Юрий Лубченков - Главы государства российского. Выдающиеся правители, о которых должна знать вся страна
Ответ певицы
В 1765 году императрица Екатерина II пригласила знаменитую Габриэли в Петербург и ангажировала ее на два месяца. Когда речь зашла о вознаграждении, Габриэли потребовала пять тысяч червонцев.
– Пять тысяч?! – удивилась императрица. – Помилуйте, мои фельдмаршалы меньше получают.
– В таком случае, ваше величество, – отвечала певица, – вам следует заставили петь одного из фельдмаршалов.
Императрица заплатила требуемую сумму.
Табакерка
Екатерина была недовольна одним из иностранных послов и, пригласив его к обеду, стала говорить с ним резко и желчно.
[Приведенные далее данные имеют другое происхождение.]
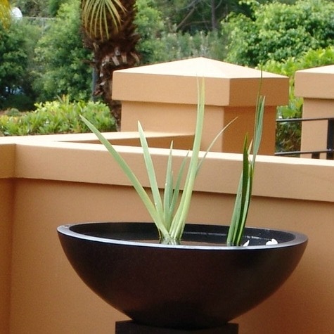 - Lightweight pots and the water feature were sourced from Pots Online to compliment the colours of the trellis and the contemporary deck chairs.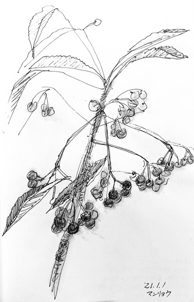 三宅一樹:クロッキー《マンリョウ》 ボールペン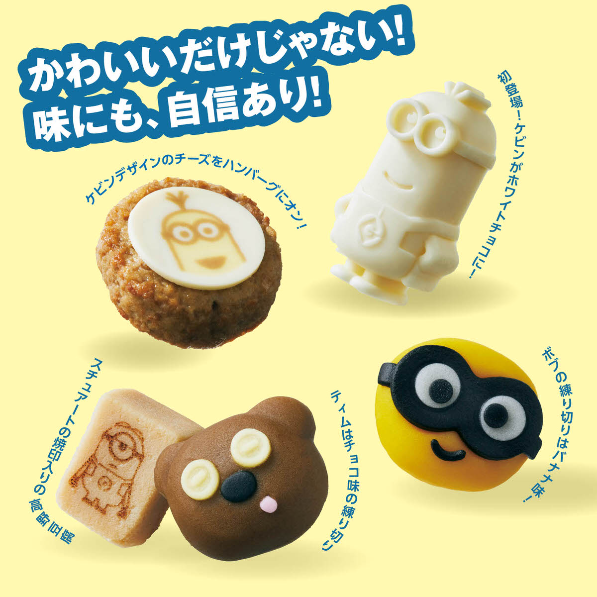 「ケビン」のホワイトチョコや、バナナ味で再現された「ボブ」の練り切りなどのスイーツも盛り込まれます。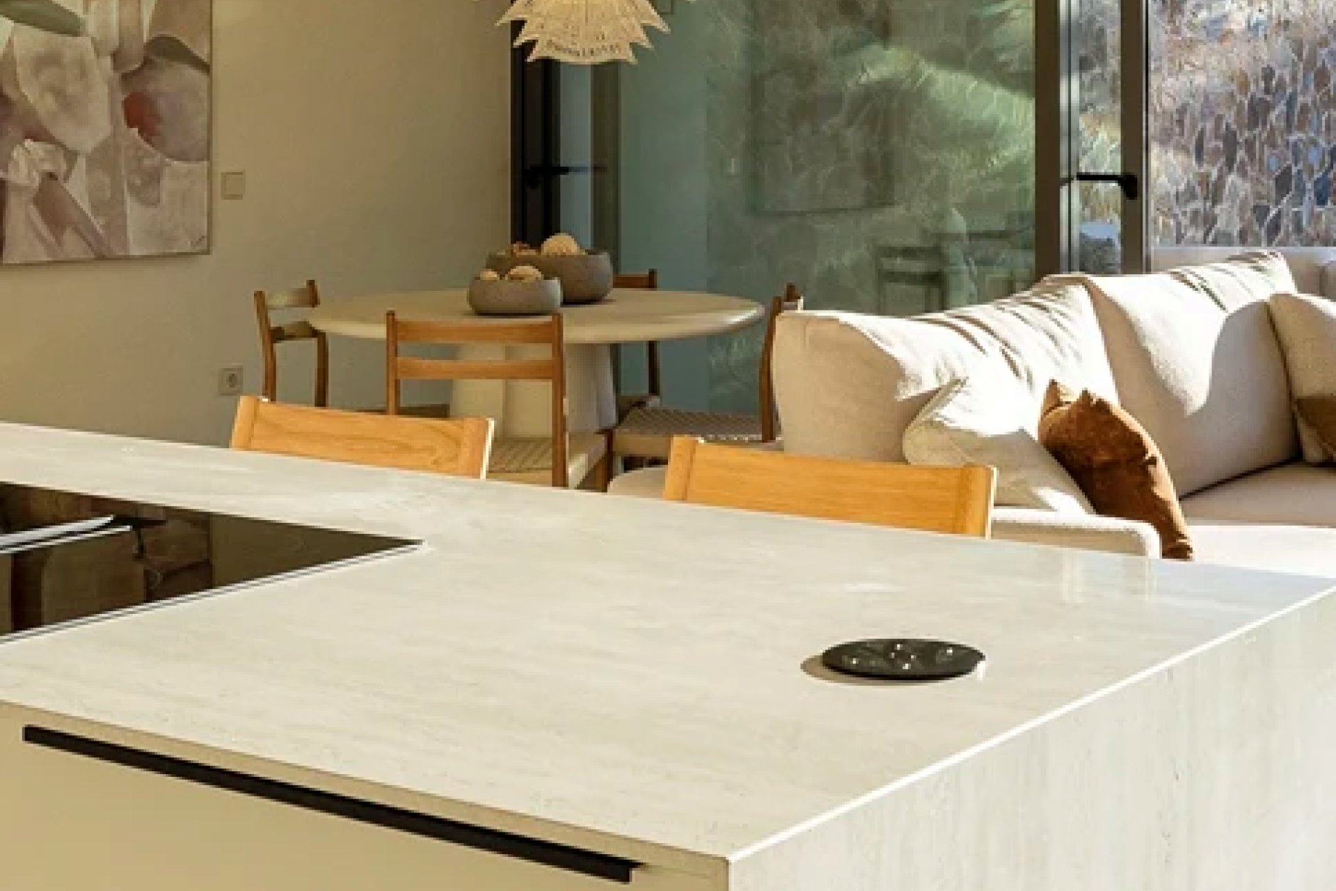 With 127 m² of built area set on a generous 486 m² plot, the villa has been designed to offer a serene, elegant lifestyle connected to nature. Its interiors, inspired by Mediterranean and nomadic aesthetics, feature bright, open spaces that invite relaxation and well-being. The day area is arranged around an open-plan living-dining room, where large windows frame the exterior and allow natural light to flow gently through every corner. The modern, functional kitchen blends in discreetly, preserving the clean and contemporary aesthetic that defines the home.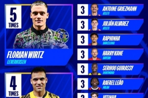 體育資訊6月2日訊 本賽季歐冠戰(zhàn)罷,據(jù)官方統(tǒng)計,維爾茨是獲單場最佳次數(shù)最多的球員,共計5次。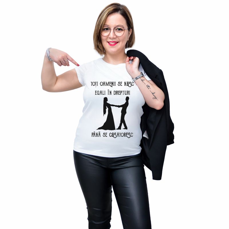 Tricou alb, Femei, Toti oamenii se nasc egali in drepturi...Pana se casatoresc Tricou alb, Femei, Toti oamenii se nasc egali in drepturi...Pana se casatoresc, L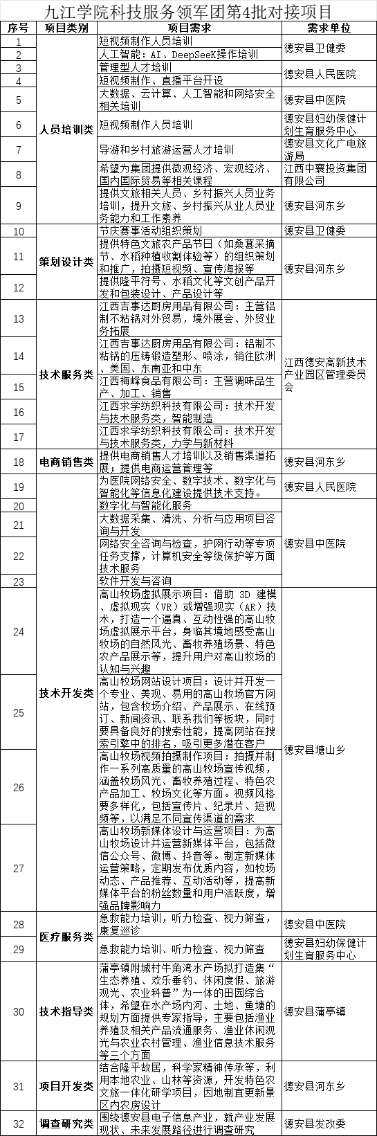 为贯彻落实《BB贝博艾弗森官方网站服务九江经济社会发展三年行动计划(2024-2026)》(九院党字〔2024〕66号)文件要求,通过科技服务领军团对德安县经济社会发展相关需求进行征集,确定以下32项为第4批社会服务项目,现面向全校发布项目信息。

Храповицкий вполголоса сказал соседу: «Жаль, что матушка так неосторожно говорит».
Императрица расслышала эти слова и переменила разговор. После обеда, когда раздали чашки кофе, государыня подошла к Храповицкому и вполголоса сказала:
– Ваше превосходительство, вы слишком дерзки, что осмеливаетесь давать мне советы, которых у вас не просят.
Гнев был на ее лице, она поставила дрожащей рукой чашку на поднос, раскланялась и вышла. Храповицкий считал себя погибшим. Он поплелся домой, но на лестнице его догнал камердинер с приказом идти к императрице.
Екатерина нервно ходила по комнате и, остановившись перед Храповицким, с гневом заметила:
– Ваше превосходительство, как вы смели при людях укорить меня, тогда как в моем присутствии вы можете говорить не иначе, как только отвечая на мои вопросы?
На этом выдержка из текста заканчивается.